Dr. Chhatwal and colleagues performed a critical reanalysis of the prior study using current drug prices in US dollars. “We found that in a majority of the studies the incremental cost-effectiveness ratios (ICERs) were substantially higher than the previously reported values,” said Chhatwal. “This led us to the conclusion that current prices are too high to say that the drugs provide a good value for the money.”

Cost-effectiveness is commonly interpreted in terms of the cost needed to gain an additional quality year of life. A threshold value of $50,000 is widely accepted, below which the treatment can be considered cost-effective. The researchers were able to reanalyze 20 of the 29 studies with updated drug prices in the current US market. They found that 63% of those studies had costs per additional life-year higher than the $50,000 threshold. Several studies resulted in costs of $210,000 to $426,000 per additional life-year, many times higher than conventionally accepted levels.

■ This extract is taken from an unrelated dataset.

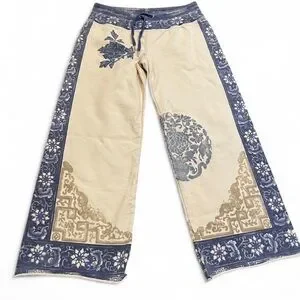 Lucky Brand Y2K Cropped Sweatpants Chinoiserie Porcelain Print Boho Size XS
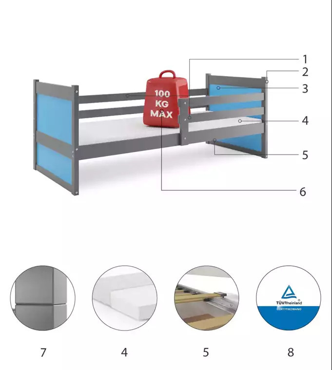 Dětská postel RICO 90x190 cm, s matrací, Grafit/Modrá

One of the drugs evaluated, imatinib (Gleevec), was priced at $26,000 per year of therapy in 2001 and $132,000 per year in 2014. The price increase in imatinib and other drugs evaluated is not the result of new and improved versions, but instead is simply the result of rising prices charged by drug companies, noted Chhatwal. 

The study authors would like to see government regulation of new treatments for hematologic cancers in the same fashion as many European countries. Chhatwal said more and more patients are experiencing financial toxicity due to extremely large financial burdens. A 2014 study found that up to 20% of hematologic cancer patients may forgo treatment or significantly compromise their treatment plan due to high drug costs.